Posted by markdohle , 15 May 2013 · 202 views



The last phase of life

As I was taking care of Luke early this morning I could tell that this was going to be a morning of confusion.  He was in a good mood, but as happens often with the very old, he will soon be 102, his body is awake but his mind is still in some dream.  Luckily the dream seemed to be more or less pleasant.  He has to be watched of course because he can’t walk by himself, though he can with assistance and great care get to the bathroom and back to bed.  He does not always know this, h is need of help and he being still very quick needs to be watched closely at all times.  He is not a problem, he just does not know what he can’t and cannot do.

Alphonse is different.  Yesterday I pushed him gently to do more.  He had a fall and broke his elbow and is on the mend, so he is still a little shy about doing things on his own.  The body has its own intelligence and at this time he can be overly cautious.  So I encouraged him to get up on this own, while being right behind him, but not touching.  Letting him undress as much as he could etc.  Last night he seemed less anxious and I believe part of that is his slowly becoming more independent.   It is good to see.  He is looking forward to the day when he can be on his own.

So both Luke and Alphonse need watching and care.  Luke because he does not know what he can’t do, and Alphonse because at this time he is not sure what he can do.  A different need for two different men, as it is always, when caring for others.  No two cases alike.

Emilio who died in Nov 2008 was the only exception that I have experienced as a care giver who seemed to know exactly what he could or could not do.  He would let me know that at this time in his life he needed help, because he was getting too weak.  He was always right and because of that after one bad fall, he never had another one.  He even knew when he was going to die.  He told me in June of 08 that he would die before Christmas because he could see how weak he was becoming.  A few days before he died, I was away, so I called him and he told me that he was unafraid and ready to go.  He was such a gently man that I still miss him.  His smile is imprinted on my mind, so gently and loving.

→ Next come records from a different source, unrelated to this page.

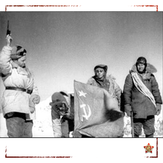 🚩 Уже в феврале 1943 г., сразу после изгнания гитлеровцев, командование Закавказского фронта направило на Эльбрус альпинистов снять фашистские штандарты и установить советские красные флаги.
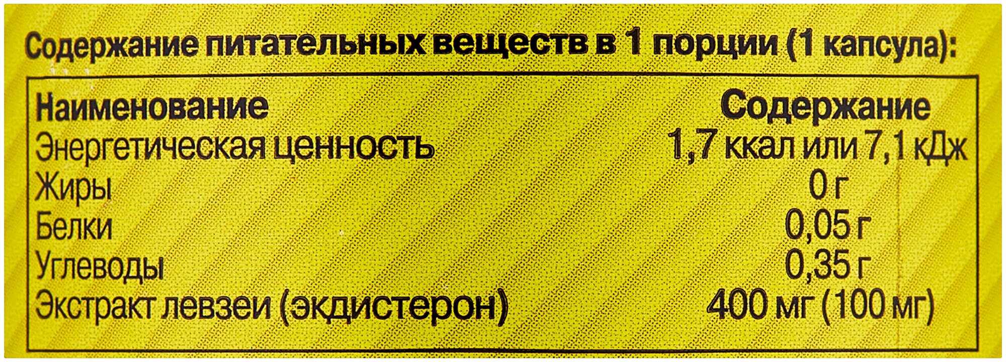 Nutritional content per serving 1 capsule: proteins 0.05 g, carbohydrates 0.35 g, leuzea extract 400 mg; energy value of 1 serving 1.7 kcal; recommendations for use: in order to gain mass and increase strength
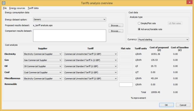 This will provide full access to the Tariff Analysis. The user can create tariffs and combine them to create a realistic scenario of the total cost of running the building. This option also allows the user to incorporate flat rates in combination with the tariffs created. Renewables can only be sold using a flat rate.
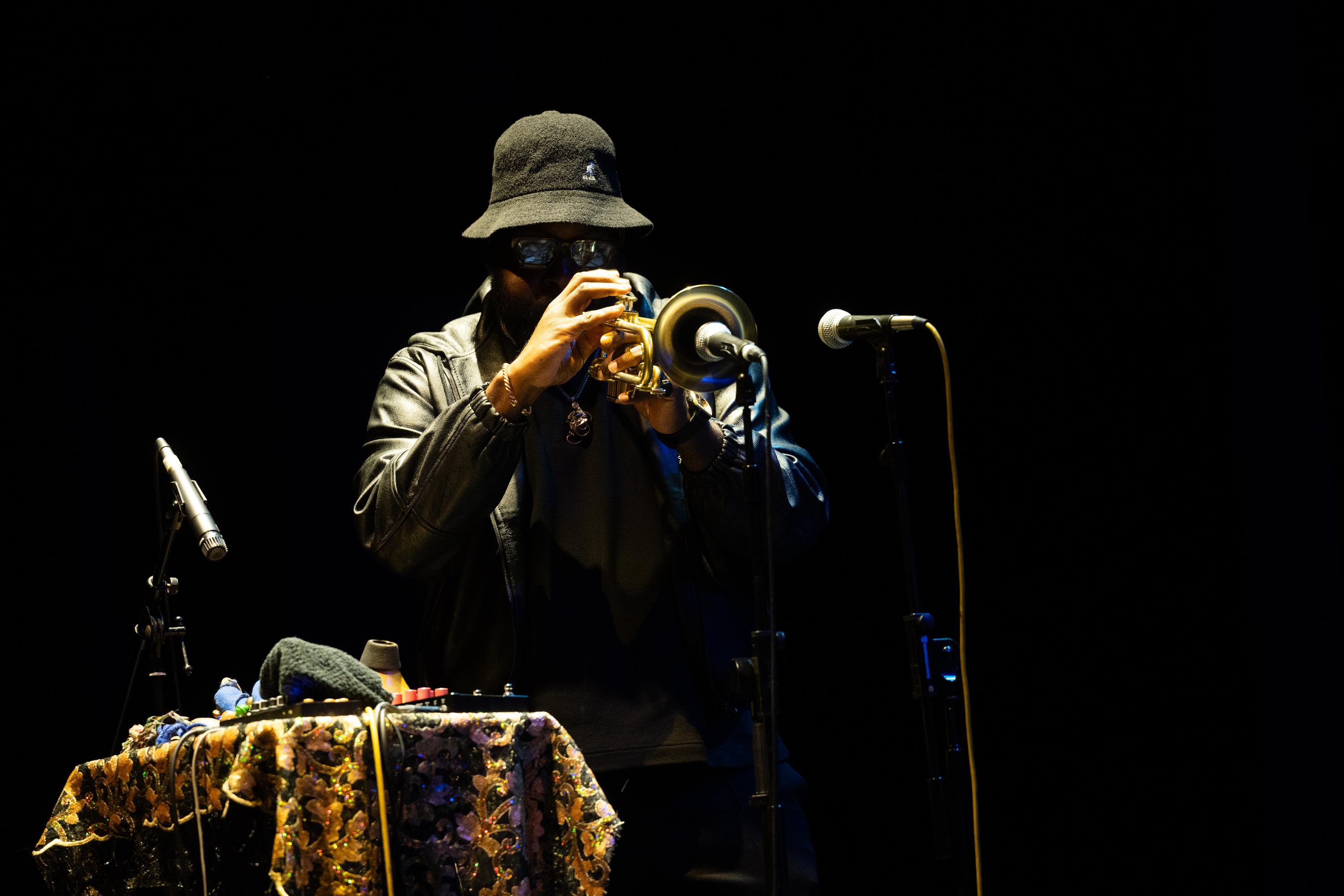 Der Abend endet auf der großen Bühne mit einem (von mir lange herbeigesehnten) Auftritt des Chicagoer Schlagzeugers und Bandleaders Makaya McCraven, zusammen mit E-Bassist Junius Paul, E-Gitarrist Matt Gold und Trompeter Marquis Hill.
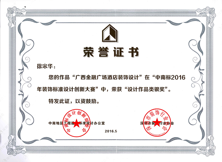 在颁奖环节中,宝鹰集团设计院徐宗华和杨详华的参赛作品《广西金融广场酒店装饰设计》、设计院伍曦的参赛作品《深圳宇商小额贷款有限公司装饰设计》均荣获“中南标2016年装饰标准设计创新大赛”的设计作品类银奖。
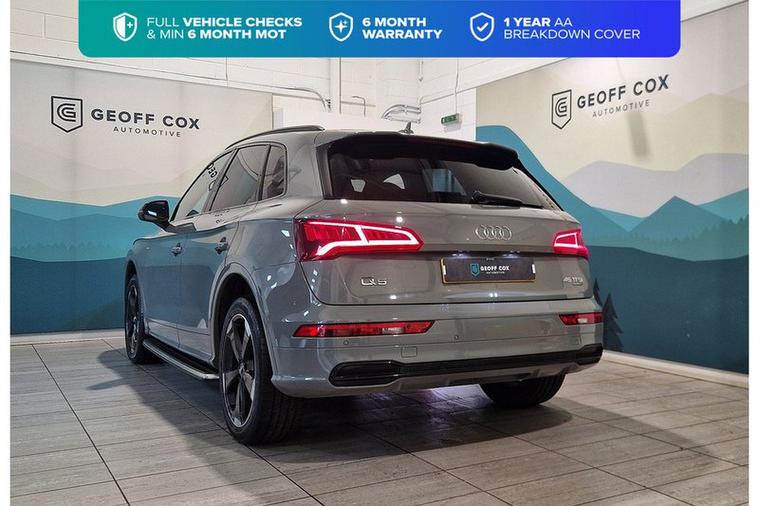 Say hello to our stunning 2019 Audi Q5 Black Edition – where luxury SUV practicality meets sporty, head-turning style. With its bold Black Edition styling pack, refined interior and punchy performance, this Q5 is perfect for drivers who want comfort, capability and a touch of attitude all in one sleek package.Key Features:Black Edition styling with gloss black exterior accents, unique alloy wheels and privacy glass for a more aggressive, sporty look.Luxurious interior finished in premium materials, with plenty of space for passengers and luggage.Audi Virtual Cockpit digital display with crisp graphics and configurable views.MMI Navigation Plus with intuitive controls, voice command and seamless connectivity.Apple CarPlay & Android Auto for effortless smartphone integration.Heated front sport seats with electric adjustment for maximum comfort.Premium sound system for crystal-clear audio on every journey.The Audi Q5 Black Edition is more than just an SUV – it’s a stylish all-rounder that combines Audi’s trademark quality with everyday usability. Whether you’re navigating the city, heading out on a long road trip or just want to enjoy the drive, this Q5 has the style, comfort and capability to keep up with it all.Peace of Mind with Our Used Car Guarantee:✅ 6 Months Warranty included, with the option to extend up to 3 years for added reassurance.✅ Minimum 6 month MOT, so you can drive away worry-free.✅ Full Vehicle Health Check (VHC) conducted by our expert technicians.✅ 12 Months AA Breakdown Cover, providing roadside assistance wherever you go.✅ Full HPI checks for complete peace of mind.Why Choose Geoff Cox Automotive• Custom video walkarounds and virtual vehicle demonstrations available on any car.• Full vehicle demonstrations and inspections at our Derbyshire showroom.• Reserve your car online via our website for £99.• Book a test drive on any of our cars.• AA approved dealer, meeting or exceeding AA approved standards on all used cars.
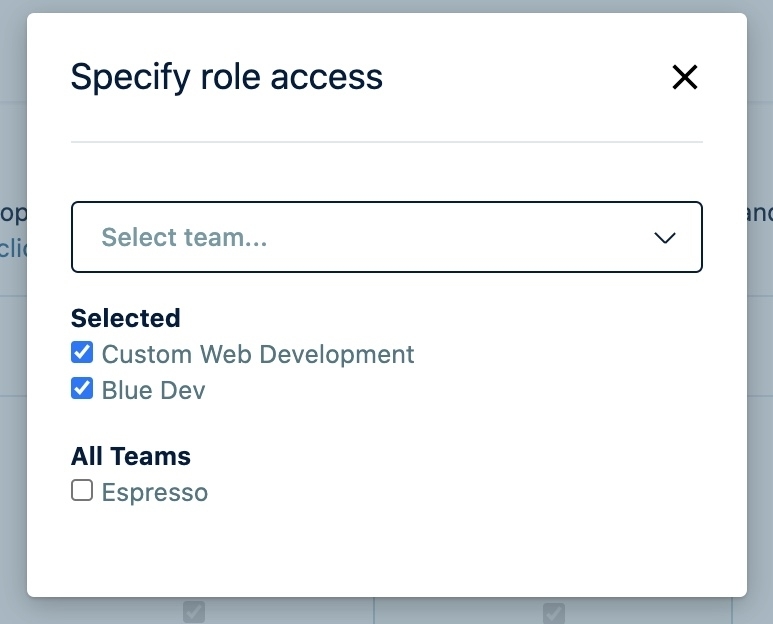 Add or remove teams included in a Restricted permission role by clicking on the team names in the Role access field, then adding a team or removing its access in the dialog box.
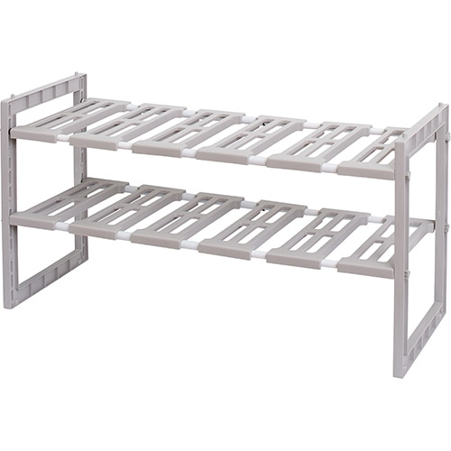 | 商品仕様 | ●外寸/W510~760×D300×H410mm ●重量/2.1kg ●耐荷重/5kg ●材質/棚板・フレーム:再生ポリプロピレン、伸縮パイプ:スチール(エポキシ粉体塗装) ●その他仕様/●棚板:12枚 ●備考/※耐荷重は1段あたり。 ※積み重ねて使用できません。 |
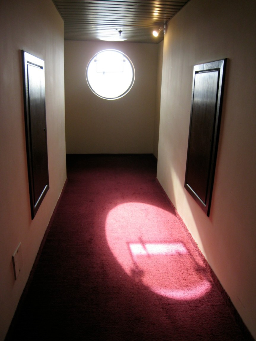 Campinas, Brazil, May, 2008. (Yes, this last one isn’t actually a sign. It’s the light shining through a circular window onto a red carpet in the hallway of the hotel where I was staying. The window is open slightly in the middle, which caused there to be a brighter bar of light in the circle of light. Try to tell me that this doesn’t look like a do not enter symbol.)
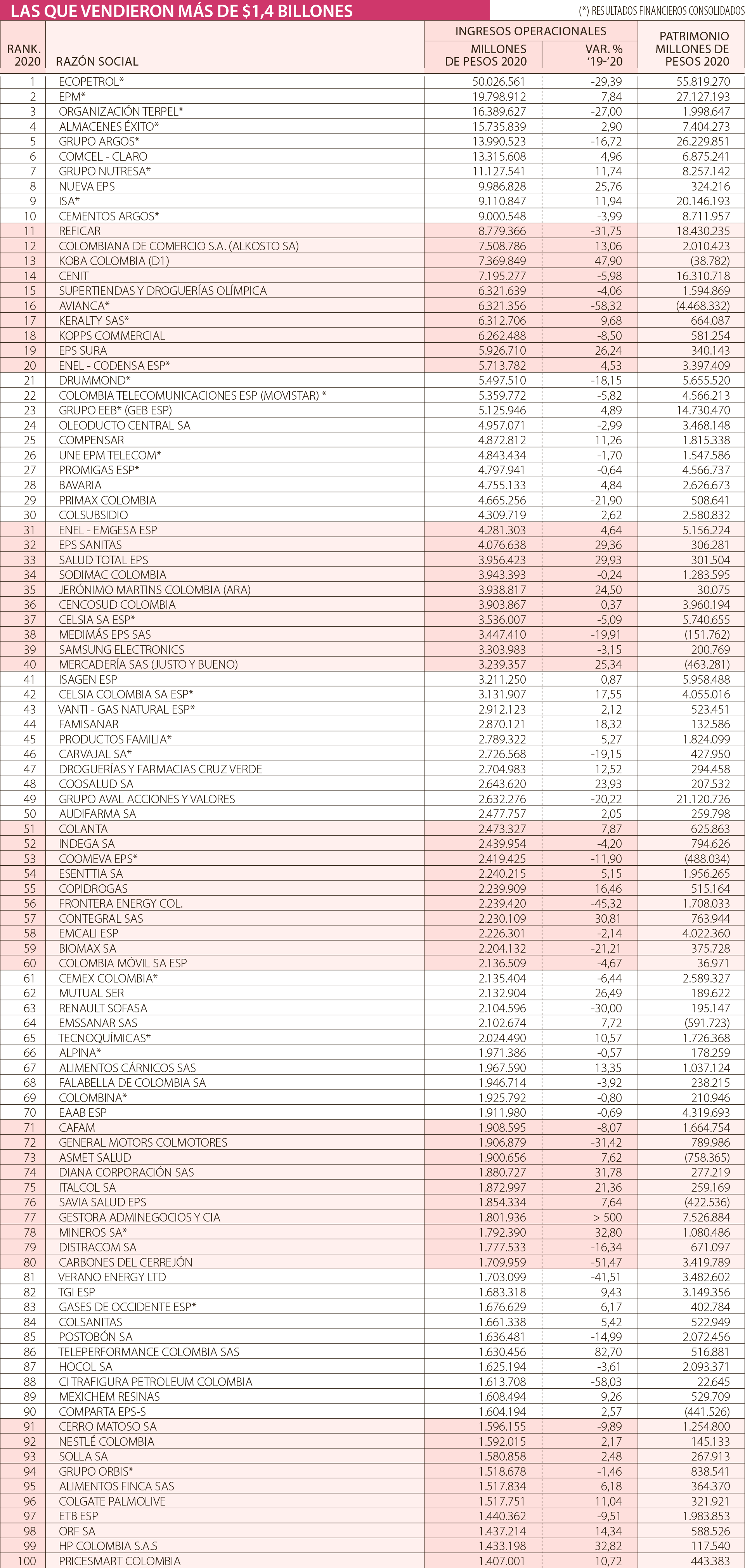 En el último grupo de compañías, de la 901 a la 1.000, se alcanzaron ingresos totales por $16,7 billones, 0,64% menos que en 2019
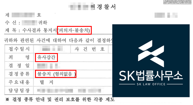 경찰은 본 변호인의 주장을 받아들여, 고소인의 행동이 강제적인 성관계를 당한 피해자의 모습으로 보기 어렵고 피고소인의 일방적인 연락 두절에 앙심을 품고 무고하였을 가능성이 있다고 판단하여, 유사강간 혐의에 대하여 불송치(혐의없음) 결정하였습니다.
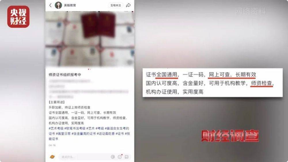 其中,讲到的师资证书帖子中,都提到了全国通用、全网可查、长期有效、应对检查等关键词。
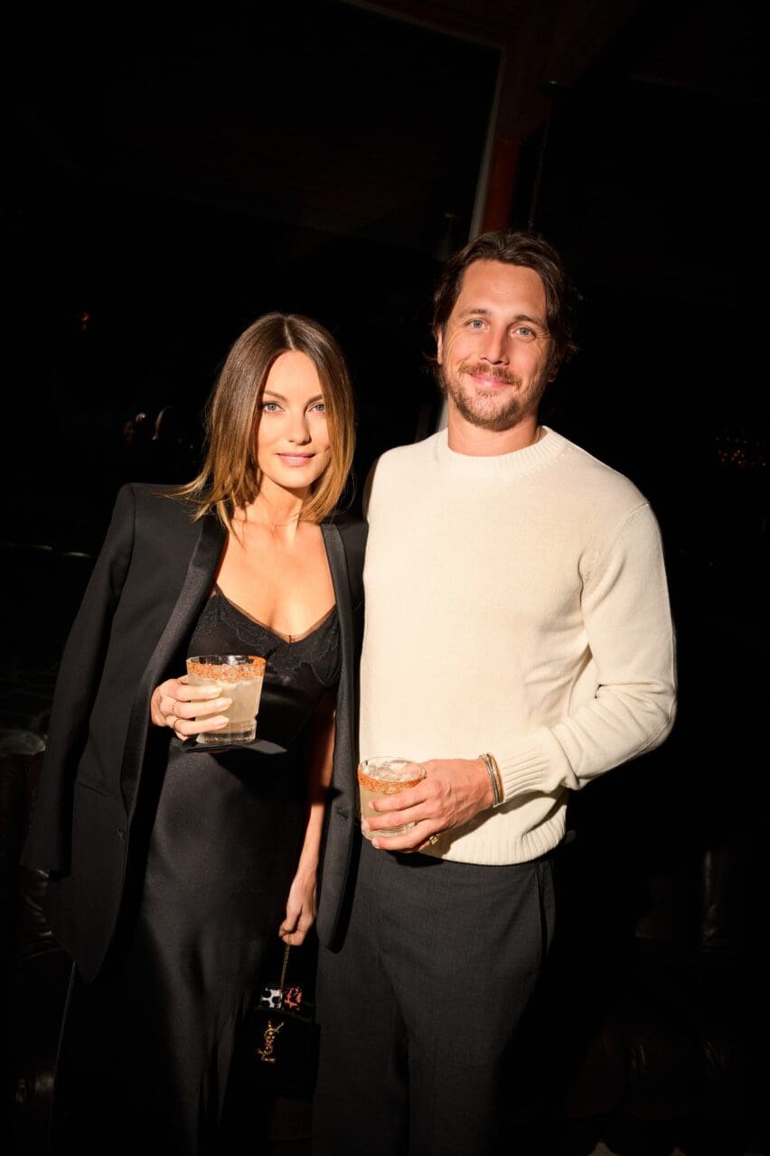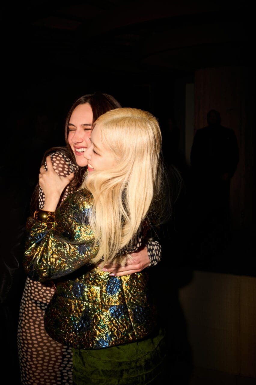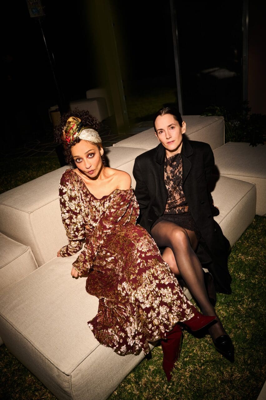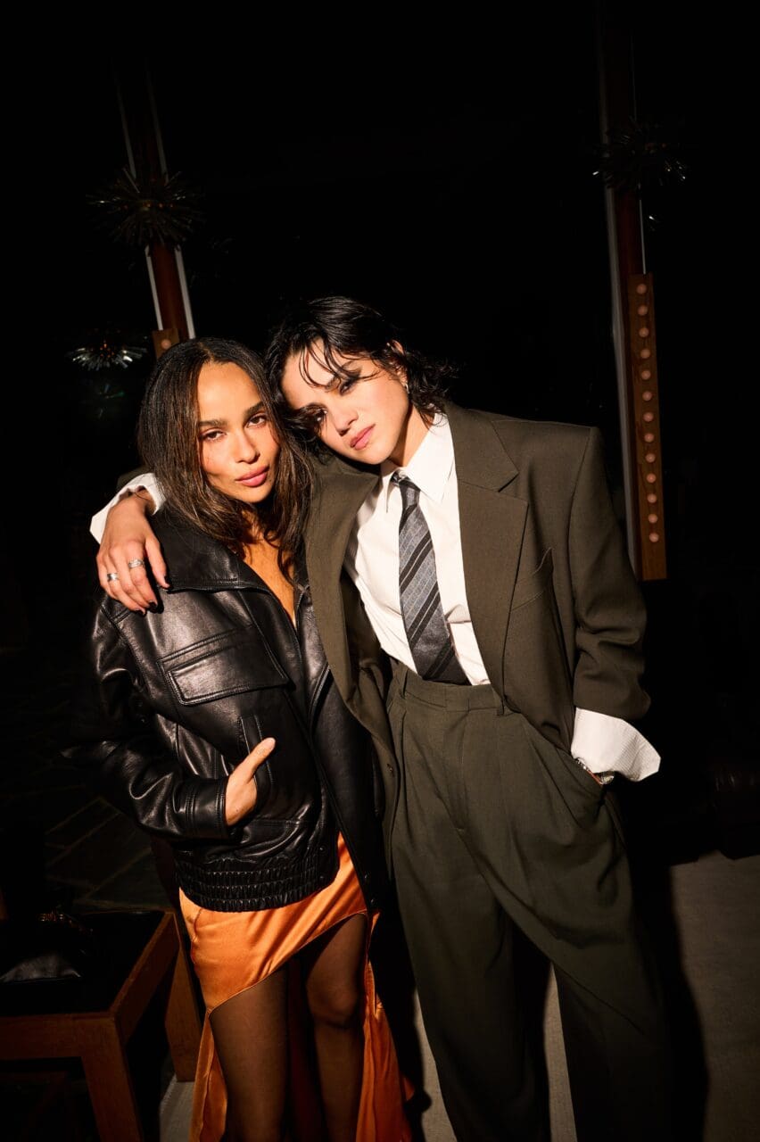 穿越酒吧,Saint Laurent代言人Zoë Kravitz身穿一條迷人的橙色長裙,搭配飄逸荷葉邊蕾絲領口,慵懶地坐在毛絨沙發上,與《閃電俠 The Flash》女演員 Sasha Calle 開心暢談。此時,憑電影《粗獷派建築師 The Brutalist》拿下影帝的 Adrien Brody 攜女友登場,與Marchesa時裝設計師 Georgina Chapman 及 Anthony Vaccarello聚在暖爐旁低聲交談。結束談話後,Anthony Vaccarello即與《別擔心親愛的 Don’t Worry Darling》導演 Olivia Wilde 親切地打招呼。不久後,《愛侶 Loving》女演員 Ruth Negga 也加入他們,會場更加熱鬧。

There is joy and suffering no matter what one does in life.  We always have to deal with others, just as others have to deal with us.  Some are easier, some more colorful and others, well they can yes be a pain in the ass as well, yet all are lovable if looked at without comparison to others.  We each have a long history, at the end of our lives that history may catch up to us, where all filters are gone and we are simply ourselves, all subterfuge dropped and there we are….naked on many levels before others.  Perhaps this is the final healing in life’s long process, well hopefully that is so.  Who are we when the ego is no longer helpful, or even important, or perhaps shattered through dementia and illness?  One of the good things about being a care giver is that hopefully I can help those here on there last mile to blossom ever more and to become more open to reality, to God and the deepest promptings of their own heart.  





If we have souls


Old age the final frontier
not easy by any means,
often painful on many levels
that is unknown in youth or middle age.


Which I believe is the most important
part of our lives,


If indeed we do have souls,
a heart that grows eternally,
and we take our love with us;
and all else drops away
or is purified into gold.

Until that final chapter,
most of us live in the in-between
of faith and doubt,
of hoping against hope,
for in this realm
we must always seek,
questions and never give up.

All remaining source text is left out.